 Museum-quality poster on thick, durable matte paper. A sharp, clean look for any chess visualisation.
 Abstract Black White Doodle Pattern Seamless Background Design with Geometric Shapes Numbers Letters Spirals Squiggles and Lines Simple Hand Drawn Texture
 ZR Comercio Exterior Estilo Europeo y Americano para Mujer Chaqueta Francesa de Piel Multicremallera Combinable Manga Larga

━━━

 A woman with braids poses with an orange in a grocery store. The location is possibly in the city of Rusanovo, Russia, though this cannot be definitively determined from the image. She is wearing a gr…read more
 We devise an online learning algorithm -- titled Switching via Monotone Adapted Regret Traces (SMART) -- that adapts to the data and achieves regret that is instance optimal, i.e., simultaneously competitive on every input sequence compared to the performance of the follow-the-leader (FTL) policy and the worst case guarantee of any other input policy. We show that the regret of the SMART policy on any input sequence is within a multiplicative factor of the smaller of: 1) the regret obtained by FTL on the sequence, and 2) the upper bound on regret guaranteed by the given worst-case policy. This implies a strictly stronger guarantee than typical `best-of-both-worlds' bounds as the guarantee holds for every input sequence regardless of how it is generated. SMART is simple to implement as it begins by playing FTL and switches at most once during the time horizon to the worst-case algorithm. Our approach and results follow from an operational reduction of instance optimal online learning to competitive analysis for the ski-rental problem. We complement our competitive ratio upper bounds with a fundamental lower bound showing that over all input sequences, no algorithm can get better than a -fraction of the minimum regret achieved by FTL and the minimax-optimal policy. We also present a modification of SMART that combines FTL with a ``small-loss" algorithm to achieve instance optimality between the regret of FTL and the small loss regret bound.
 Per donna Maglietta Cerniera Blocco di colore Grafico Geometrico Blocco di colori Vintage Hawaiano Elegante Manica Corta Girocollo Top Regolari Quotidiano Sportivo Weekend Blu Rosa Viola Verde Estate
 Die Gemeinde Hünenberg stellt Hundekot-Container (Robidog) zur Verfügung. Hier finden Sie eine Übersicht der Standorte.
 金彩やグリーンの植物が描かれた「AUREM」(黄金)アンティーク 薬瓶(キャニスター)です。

━━━

Please return only the lines above, starting at the line that has "Per donna Maglietta" and ending at the line that has "金彩やグリーンの植物が描かれ", keeping both and leaving each one unchanged.

> _Answer to the exercise_
 Per donna Maglietta Cerniera Blocco di colore Grafico Geometrico Blocco di colori Vintage Hawaiano Elegante Manica Corta Girocollo Top Regolari Quotidiano Sportivo Weekend Blu Rosa Viola Verde Estate
 Die Gemeinde Hünenberg stellt Hundekot-Container (Robidog) zur Verfügung. Hier finden Sie eine Übersicht der Standorte.
 金彩やグリーンの植物が描かれた「AUREM」(黄金)アンティーク 薬瓶(キャニスター)です。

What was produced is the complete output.